Everything in the listing that follows should be reproduced exactly except the pictures.

● **DATA BELOW**
%%

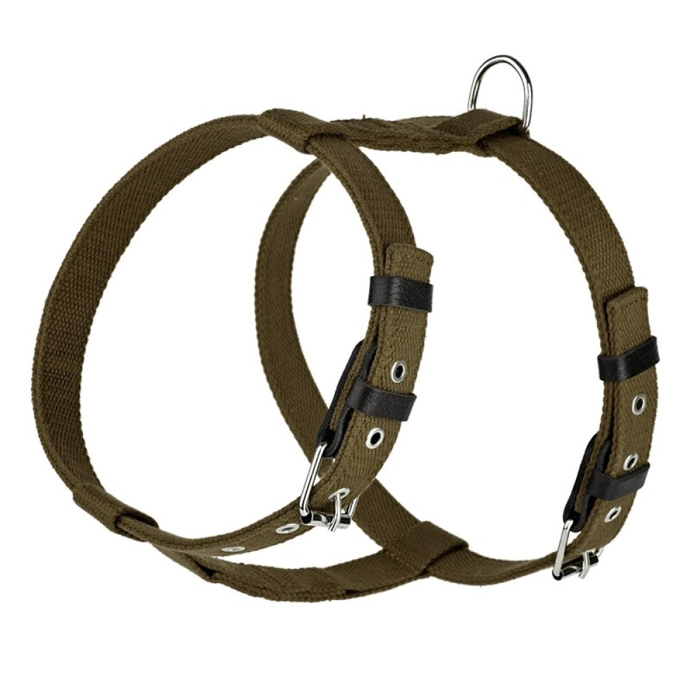 Шлейка брезентова стропа зі шкіряними накладками для собак Kareline 2 см зелена
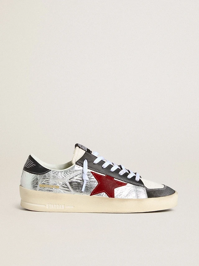 Men’s Stardan laminated silver nylon with burgundy suede star
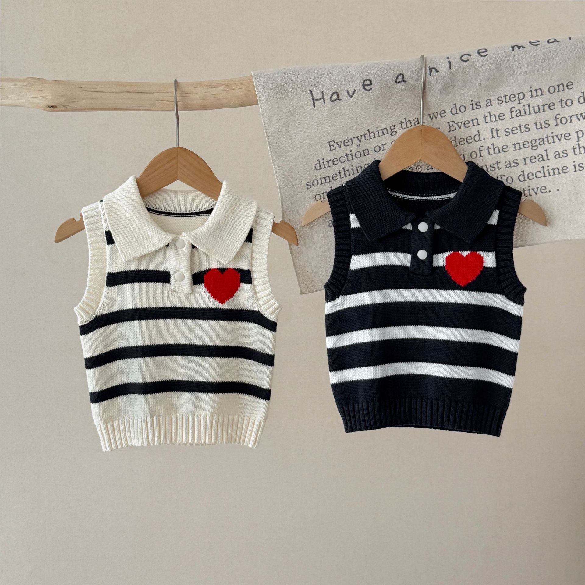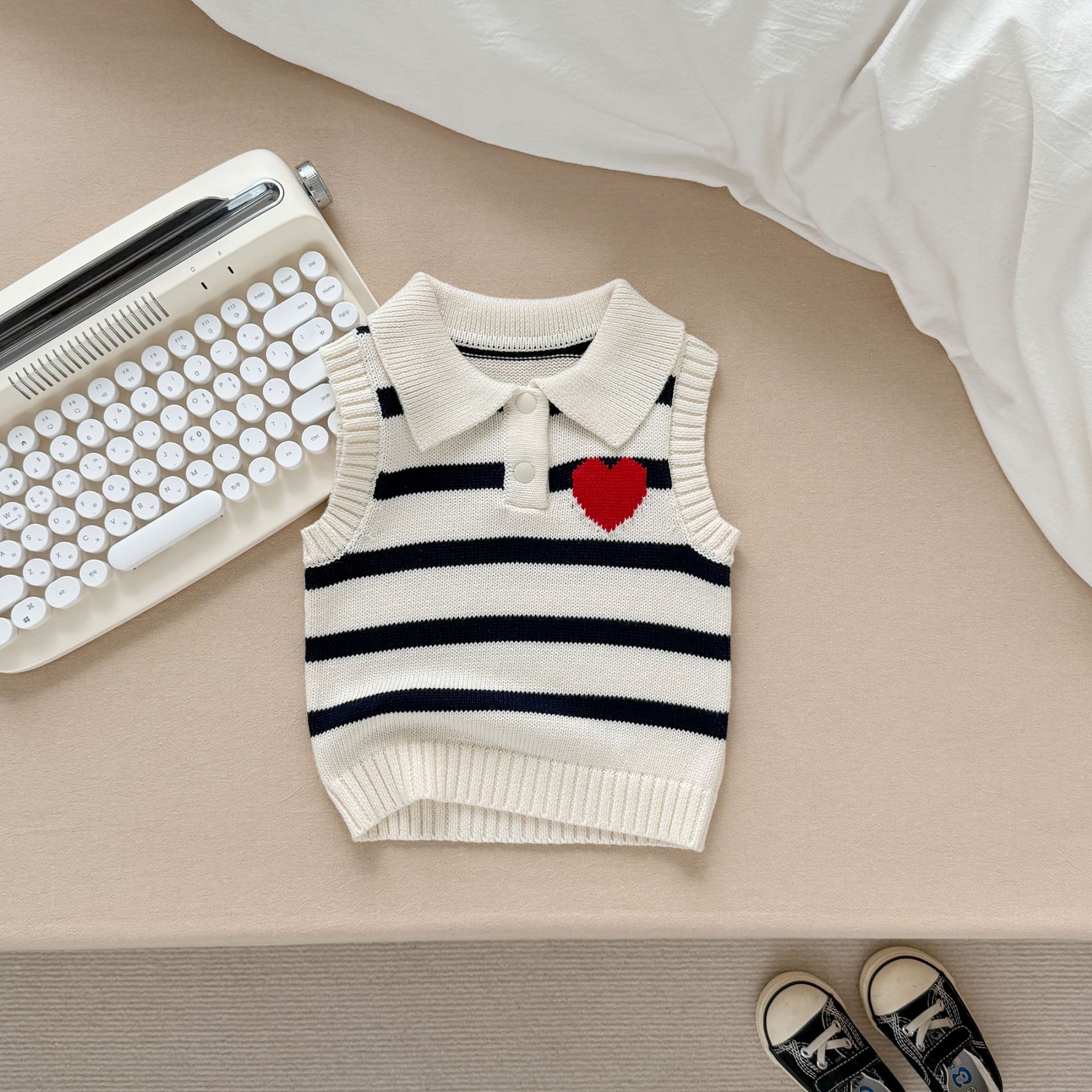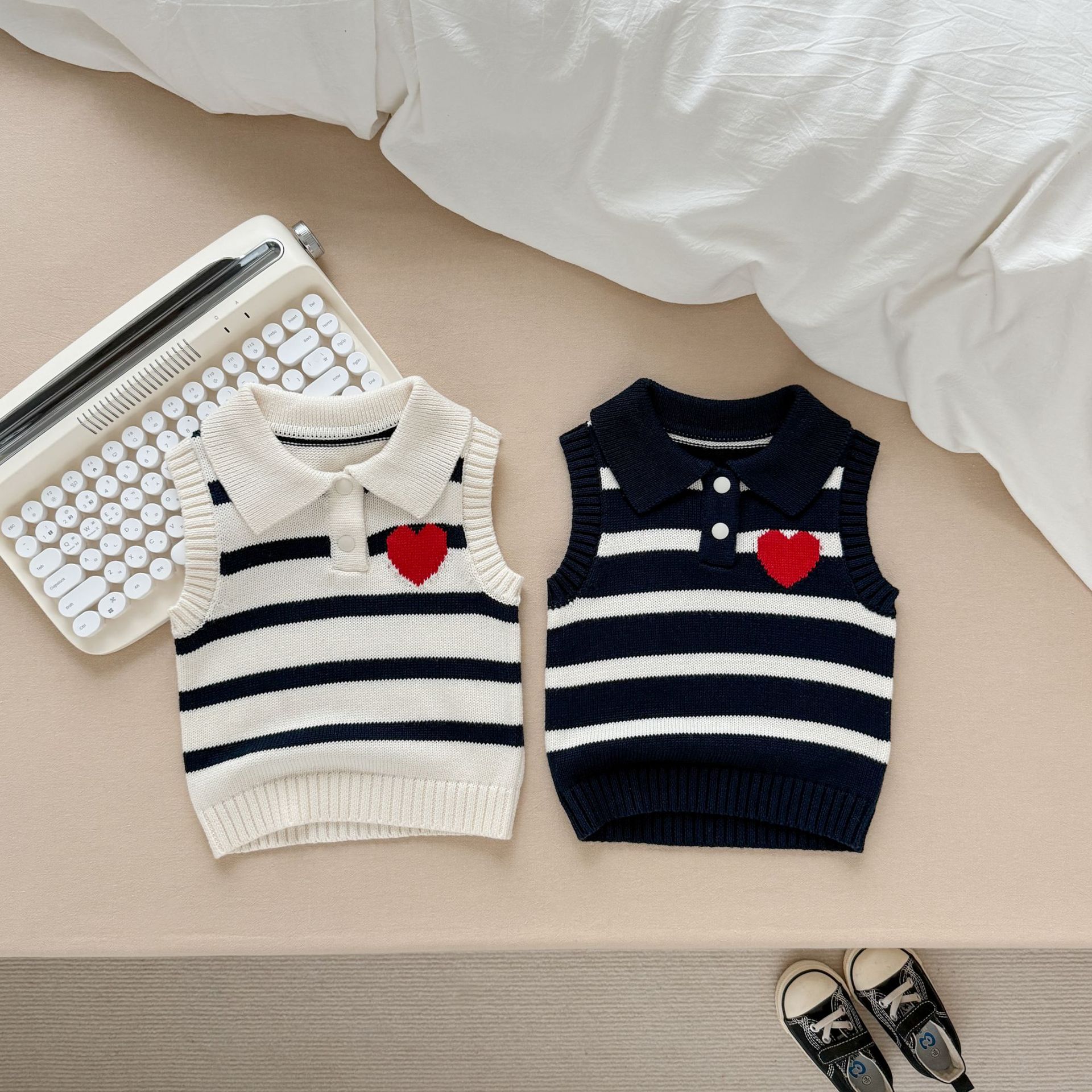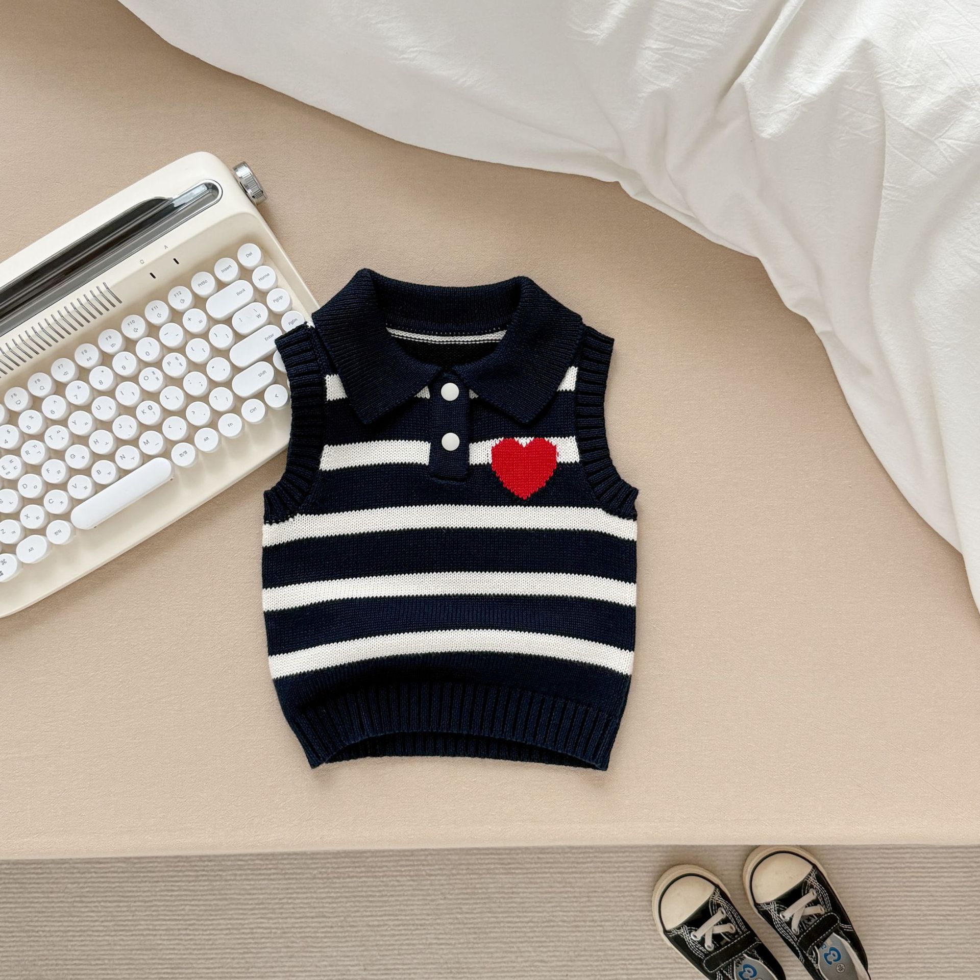 남녀 아기 조끼 봄 가을 작은 하트 폴로 칼라 니트 스트라이프 외투 조끼 스웨터

%%

● **ANSWER**
 Шлейка брезентова стропа зі шкіряними накладками для собак Kareline 2 см зелена
 Men’s Stardan laminated silver nylon with burgundy suede star
 남녀 아기 조끼 봄 가을 작은 하트 폴로 칼라 니트 스트라이프 외투 조끼 스웨터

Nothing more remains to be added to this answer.